Friday, December 29, 2006

What you may have missed in my absence

Here's a list of some interesting stories from the last week:

Let me do the panicking for you: If the Large Hadron Collider or an asteroid does not get humanity first, a series of supervolcanoes will make life miserable enough sooner or later again anyway. Here's a Christmas Day story that did not attract much attention:

Auckland University scientists have revealed that eruptions of supervolcanoes powerful enough to change the climate and cause mass-extinction can be worse than previously thought...

Such large eruptions of greater than 100 cubic kilometres of magma are generally rare and random events worldwide.

But geologist Darren Gravley of Auckland University and his colleagues have shown that one of the largest supervolcano eruptions on record, at Taupo 250,000 years ago, was twice as big as previously thought.

They have published in the Bulletin of the Geological Society of America evidence that the eruption in the Taupo Volcanic Zone was actually two supervolcanoes 30km apart which erupted within days or weeks of each other.

What's worse:

Last year, other research at Taupo - on the more recent Taupo supervolcano of only 26,500 years ago - changed accepted theories that it takes hundreds of thousands of years for the reservoir of molten rock, or magma, beneath a supervolcano to build up to an eruption.

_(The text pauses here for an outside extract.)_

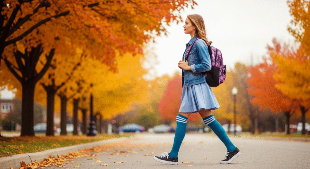 A denim jacket and skater skirt is a great way to balance casual and chic. This fall look allows for freedom of movement, with the skirt adding a touch of playfulness and the jacket providing warmth as the weather cools. Pair with tights or knee-high socks for extra comfort, and slip on sneakers or ballet flats to complete the look. It’s a versatile and fun outfit perfect for everyday school wear.

They showed the period between super-eruptions can be much shorter, perhaps a few tens of thousands of years.

Dr Bruce Charlier, from Britain's Open University, showed the build-up at Taupo was no more than 40,000 years - a relatively short time period in geological terms.

A happy pre-Christmas report: having a drink before your head injury is a good idea. The trick is in making sure your drink does not cause you to have the injury in the first place.

Everyone's favourite cat borne disease gets noticed again: The Australian media noticed a toxoplasma story that talked about possible behavioural changes in people infected with it. (Funny, this was covered thoroughly in blogs, including mine, in August.)

But in fact, Science Daily notes recently that has been a cluster of new papers about toxoplasma. This part of their report was interesting:

Toxoplasmosis is a disease caused by the parasite Toxoplasma gondii. Symptoms usually appear only in people with weakened immune systems, but on rare occasions, healthy people suffer serious eye and central nervous system problems from toxoplasmosis. Their babies can have birth defects. White said toxoplasmosis also may be linked to some cases of schizophrenia and bipolar disease. It can kill livestock and has devastated efforts to restore sea otters near Monterey, Calif. Because it's common, yet complex, toxoplasmosis is a potential weapon for bioterrorists.

Bioterrorism, when nearly half the world has it already? Sounds a little unlikely. But then again, it they gathered a ton of cat poo and put it in the local water supply, I guess it would put me off drinking water for some time.